Can I make it as a freelance mechanical engineering consultant?
October 3, 2013 11:47 AM   Subscribe

I have a BS in mechanical engineering and a couple years experience performing FEA simulations for a company in the US military/aerospace industry. I recently found out that there are consulting firms out there charging a lot of money for the same type of services I perform. If possible, I'd like to get my PE license and begin offering my services on a freelance basis. If I can do that successfully, I'd like to form my own consulting firm. My main concern is that I won't be able to find clients. How can I find my way into this market? I've heard that a lot of CAD work is being outsourced and I'm not sure if the demand for these services is really there. I've searched for mechanical engineering listings on freelance sites but I've mostly found low paying odd jobs. My ideal customers would be legitimate companies that need reliable FEA services but are small enough to not have their own mechanical engineer. How can I find these customers? Any suggestions will be greatly appreciated. Thank you!
posted by PeterKlayton to Work & Money (4 answers total) 1 user marked this as a favorite
Most folks who do this have ready set clients before they branch out. Former customers, former co-workers, etc. Why not start out as a consutant for a consulting firm first? See how it all works, make some contacts.

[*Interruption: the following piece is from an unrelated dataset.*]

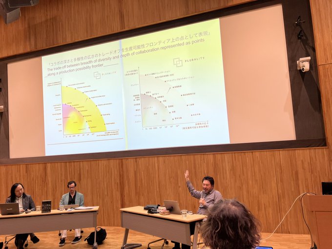 >nishio #TokyoPluralityWeek このスライドを見ながら英語を浴びていて唐突に腑に落ちたんだけど、Audreyが体現しているように実際に行動することが大事で、行動が欠けたらPluralityにはならないんだな、だからこんなに分刻みで世界中を飛び回ったりするんだなと腑に落ちた、行動が大事

If you don't know where you're going to get your customers, you're not going to be able to sustain yourself as a freelancer.
posted by Ruthless Bunny at 11:52 AM on October 3, 2013

All the people I know (from a range of fields) who have their own consulting businesses got there by working for someone else (firm, agency, etc.) in that field first. It seems to be the fastest way to build a network of future clients and referrers.
posted by rtha at 1:12 PM on October 3, 2013

Sequence is everything.

Find customers. Then leave.

Best to pursue it informally and/or with permission from your employer.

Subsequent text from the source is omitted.